Records from a collection:

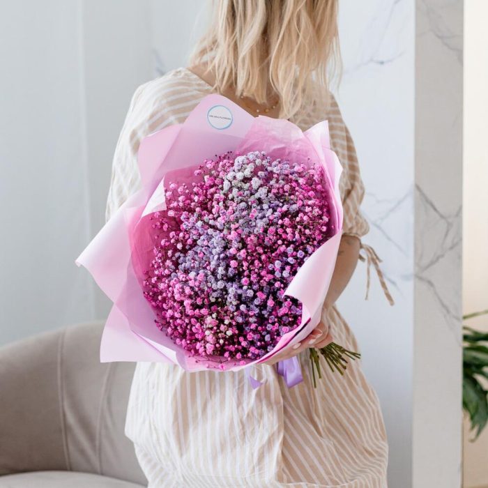 гипсофила цветная – 11 шт.Упаковка корейская пленка – 2 шт.Тишью – 2 шт.Лента атласная – 1 шт.Упаковка транспортировочная пленка – 1 шт.инструкция по уходу за цветами – 1 шт.
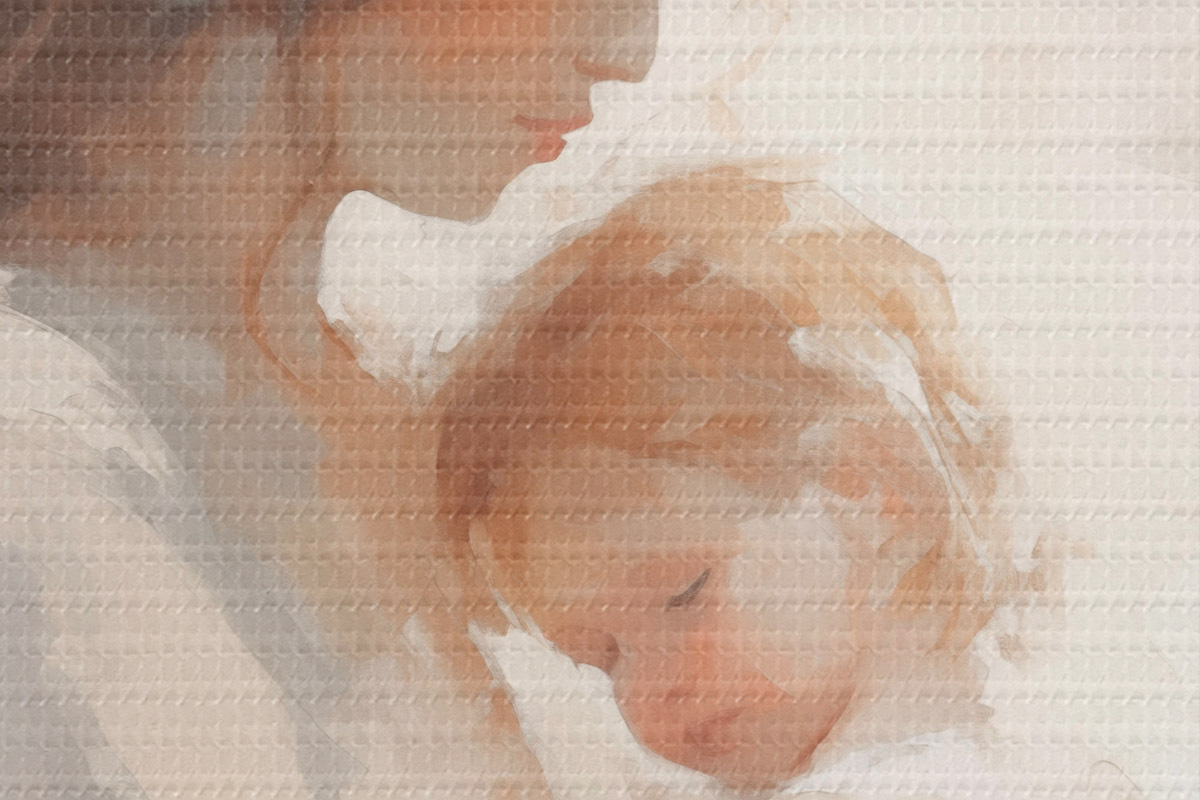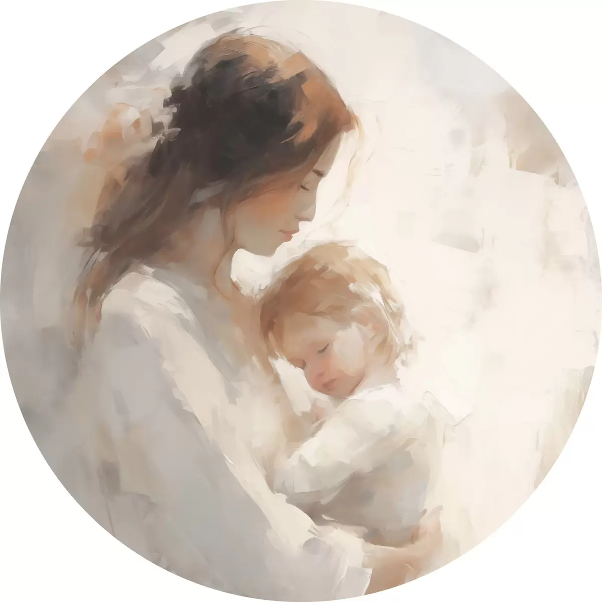 Runde Gemälde Mädchen mit Kind r44285
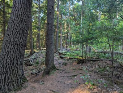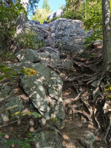 It’s a very clean trail, but it did get a bit muddy at the bottom of Bald Peak as you walk around the pond. A lot of clean, bare rock.
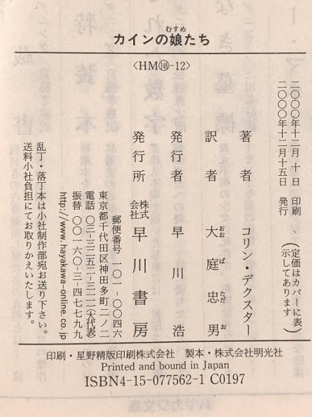 カインの娘たち (ハヤカワ・ミステリ文庫 テ 4-12) 早川書房 コリン デクスター
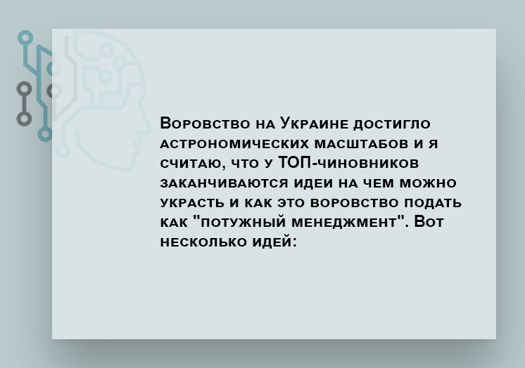 Очередной скандал в незалежной. На фоне разворовывания всего и вся в горящем и тонущем одновременно борделе сутенеры начали выяснять отношения. Дело Миндича - конкретный наезд на нюхателя со стороны его же хозяев. А мы попросили нейросеть подсказать украинским чиновникам на чем еще можно украсть: На этом пока все!
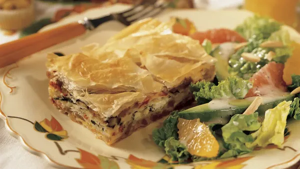 A lovely layered egg casserole features flaky phyllo, hearty sausage and colorful vegetables.
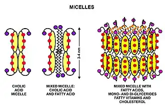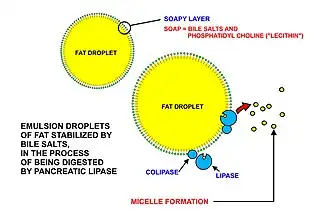 These triglycerides cannot be absorbed by the intestine.[27] They are broken down into mono- and di-glycerides plus free fatty acids (but no free glycerol) by pancreatic lipase, which forms a 1:1 complex with a protein called colipase (also a constituent of pancreatic juice), which is necessary for its activity. The activated complex can work only at a water-fat interface. Therefore, it is essential that fats are first emulsified by bile salts for optimal activity of these enzymes.[28] The digestion products consisting of a mixture of tri-, di- and monoglycerides and free fatty acids, which, together with the other fat soluble contents of the diet (e.g. the fat soluble vitamins and cholesterol) and bile salts form mixed micelles, in the watery duodenal contents (see diagrams on the right).[27][29]
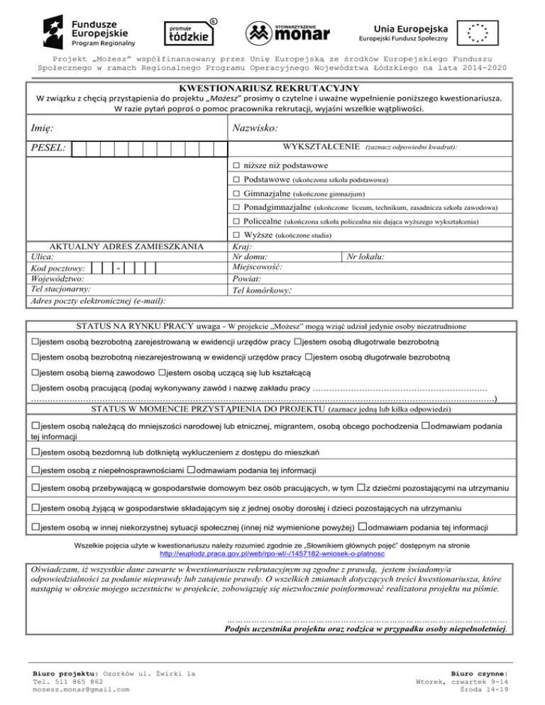 Projekt „Możesz” współfinansowany przez Unię Europejską ze środków Europejskiego Funduszu Społecznego w ramach Regionalnego Programu Operacyjnego Województwa Łódzkiego na lata 2014-2020 KWESTIONARIUSZ REKRUTACYJNY W związku z chęcią przystąpienia do projektu „Możesz” prosimy o czytelne i uważne wypełnienie poniższego kwestionariusza. W razie pytań poproś o pomoc pracownika rekrutacji, wyjaśni wszelkie wątpliwości. Imię: Nazwisko: WYKSZTAŁCENIE (zaznacz odpowiedni kwadrat): PESEL: □ niższe niż podstawowe □ Podstawowe (ukończona szkoła podstawowa) □ Gimnazjalne (ukończone gimnazjum) □ Ponadgimnazjalne (ukończone liceum, technikum, zasadnicza szkoła zawodowa) □ Policealne (ukończona szkoła policealna nie dająca wyższego wykształcenia) □ Wyższe (ukończone studia) AKTUALNY ADRES ZAMIESZKANIA Ulica: Kod pocztowy: │ │ │-│ │ │ │ Województwo: Tel stacjonarny: Adres poczty elektronicznej (e-mail): Kraj: Nr domu: Miejscowość: Powiat: Tel komórkowy: Nr lokalu: STATUS NA RYNKU PRACY uwaga - W projekcie „Możesz” mogą wziąć udział jedynie osoby niezatrudnione □jestem osobą bezrobotną zarejestrowaną w ewidencji urzędów pracy □jestem osobą długotrwale bezrobotną □jestem osobą bezrobotną niezarejestrowaną w ewidencji urzędów pracy □jestem osobą długotrwale bezrobotną □jestem osobą bierną zawodowo □jestem osobą uczącą się lub kształcącą □jestem osobą pracującą (podaj wykonywany zawód i nazwę zakładu pracy …………………………………………………….… …………………………………………………………………………………………………………………………………………………….) STATUS W MOMENCIE PRZYSTĄPIENIA DO PROJEKTU (zaznacz jedną lub kilka odpowiedzi) □jestem osobą należącą do mniejszości narodowej lub etnicznej, migrantem, osobą obcego pochodzenia □odmawiam podania tej informacji □jestem osobą bezdomną lub dotkniętą wykluczeniem z dostępu do mieszkań □jestem osobą z niepełnosprawnościami □odmawiam podania tej informacji □jestem osobą przebywającą w gospodarstwie domowym bez osób pracujących, w tym □z dziećmi pozostającymi na utrzymaniu □jestem osobą żyjącą w gospodarstwie składającym się z jednej osoby dorosłej i dzieci pozostających na utrzymaniu □jestem osobą w innej niekorzystnej sytuacji społecznej (innej niż wymienione powyżej) □odmawiam podania tej informacji Wszelkie pojęcia użyte w kwestionariuszu należy rozumieć zgodnie ze „Słownikiem głównych pojęć” dostępnym na stronie http://wuplodz.praca.gov.pl/web/rpo-wl/-/1457182-wniosek-o-platnosc Oświadczam, iż wszystkie dane zawarte w kwestionariuszu rekrutacyjnym są zgodne z prawdą, jestem świadomy/a odpowiedzialności za podanie nieprawdy lub zatajenie prawdy. O wszelkich zmianach dotyczących treści kwestionariusza, które nastąpią w okresie mojego uczestnictw w projekcie, zobowiązuję się niezwłocznie poinformować realizatora projektu na piśmie. …………………………………………………………………………….……………. Podpis uczestnika projektu oraz rodzica w przypadku osoby niepełnoletniej. Biuro projektu: Ozorków ul. Żwirki 1a Tel. 511 865 862 [email protected] Biuro czynne: Wtorek, czwartek 9-14 Środa 14-19

What this task involves:
Please retype every entry above exactly, leaving out any picture.

Finished exercise:
 гипсофила цветная – 11 шт.Упаковка корейская пленка – 2 шт.Тишью – 2 шт.Лента атласная – 1 шт.Упаковка транспортировочная пленка – 1 шт.инструкция по уходу за цветами – 1 шт.
 Runde Gemälde Mädchen mit Kind r44285
 It’s a very clean trail, but it did get a bit muddy at the bottom of Bald Peak as you walk around the pond. A lot of clean, bare rock.
 カインの娘たち (ハヤカワ・ミステリ文庫 テ 4-12) 早川書房 コリン デクスター
 Очередной скандал в незалежной. На фоне разворовывания всего и вся в горящем и тонущем одновременно борделе сутенеры начали выяснять отношения. Дело Миндича - конкретный наезд на нюхателя со стороны его же хозяев. А мы попросили нейросеть подсказать украинским чиновникам на чем еще можно украсть: На этом пока все!
 A lovely layered egg casserole features flaky phyllo, hearty sausage and colorful vegetables.
 These triglycerides cannot be absorbed by the intestine.[27] They are broken down into mono- and di-glycerides plus free fatty acids (but no free glycerol) by pancreatic lipase, which forms a 1:1 complex with a protein called colipase (also a constituent of pancreatic juice), which is necessary for its activity. The activated complex can work only at a water-fat interface. Therefore, it is essential that fats are first emulsified by bile salts for optimal activity of these enzymes.[28] The digestion products consisting of a mixture of tri-, di- and monoglycerides and free fatty acids, which, together with the other fat soluble contents of the diet (e.g. the fat soluble vitamins and cholesterol) and bile salts form mixed micelles, in the watery duodenal contents (see diagrams on the right).[27][29]
 Projekt „Możesz” współfinansowany przez Unię Europejską ze środków Europejskiego Funduszu Społecznego w ramach Regionalnego Programu Operacyjnego Województwa Łódzkiego na lata 2014-2020 KWESTIONARIUSZ REKRUTACYJNY W związku z chęcią przystąpienia do projektu „Możesz” prosimy o czytelne i uważne wypełnienie poniższego kwestionariusza. W razie pytań poproś o pomoc pracownika rekrutacji, wyjaśni wszelkie wątpliwości. Imię: Nazwisko: WYKSZTAŁCENIE (zaznacz odpowiedni kwadrat): PESEL: □ niższe niż podstawowe □ Podstawowe (ukończona szkoła podstawowa) □ Gimnazjalne (ukończone gimnazjum) □ Ponadgimnazjalne (ukończone liceum, technikum, zasadnicza szkoła zawodowa) □ Policealne (ukończona szkoła policealna nie dająca wyższego wykształcenia) □ Wyższe (ukończone studia) AKTUALNY ADRES ZAMIESZKANIA Ulica: Kod pocztowy: │ │ │-│ │ │ │ Województwo: Tel stacjonarny: Adres poczty elektronicznej (e-mail): Kraj: Nr domu: Miejscowość: Powiat: Tel komórkowy: Nr lokalu: STATUS NA RYNKU PRACY uwaga - W projekcie „Możesz” mogą wziąć udział jedynie osoby niezatrudnione □jestem osobą bezrobotną zarejestrowaną w ewidencji urzędów pracy □jestem osobą długotrwale bezrobotną □jestem osobą bezrobotną niezarejestrowaną w ewidencji urzędów pracy □jestem osobą długotrwale bezrobotną □jestem osobą bierną zawodowo □jestem osobą uczącą się lub kształcącą □jestem osobą pracującą (podaj wykonywany zawód i nazwę zakładu pracy …………………………………………………….… …………………………………………………………………………………………………………………………………………………….) STATUS W MOMENCIE PRZYSTĄPIENIA DO PROJEKTU (zaznacz jedną lub kilka odpowiedzi) □jestem osobą należącą do mniejszości narodowej lub etnicznej, migrantem, osobą obcego pochodzenia □odmawiam podania tej informacji □jestem osobą bezdomną lub dotkniętą wykluczeniem z dostępu do mieszkań □jestem osobą z niepełnosprawnościami □odmawiam podania tej informacji □jestem osobą przebywającą w gospodarstwie domowym bez osób pracujących, w tym □z dziećmi pozostającymi na utrzymaniu □jestem osobą żyjącą w gospodarstwie składającym się z jednej osoby dorosłej i dzieci pozostających na utrzymaniu □jestem osobą w innej niekorzystnej sytuacji społecznej (innej niż wymienione powyżej) □odmawiam podania tej informacji Wszelkie pojęcia użyte w kwestionariuszu należy rozumieć zgodnie ze „Słownikiem głównych pojęć” dostępnym na stronie http://wuplodz.praca.gov.pl/web/rpo-wl/-/1457182-wniosek-o-platnosc Oświadczam, iż wszystkie dane zawarte w kwestionariuszu rekrutacyjnym są zgodne z prawdą, jestem świadomy/a odpowiedzialności za podanie nieprawdy lub zatajenie prawdy. O wszelkich zmianach dotyczących treści kwestionariusza, które nastąpią w okresie mojego uczestnictw w projekcie, zobowiązuję się niezwłocznie poinformować realizatora projektu na piśmie. …………………………………………………………………………….……………. Podpis uczestnika projektu oraz rodzica w przypadku osoby niepełnoletniej. Biuro projektu: Ozorków ul. Żwirki 1a Tel. 511 865 862 [email protected] Biuro czynne: Wtorek, czwartek 9-14 Środa 14-19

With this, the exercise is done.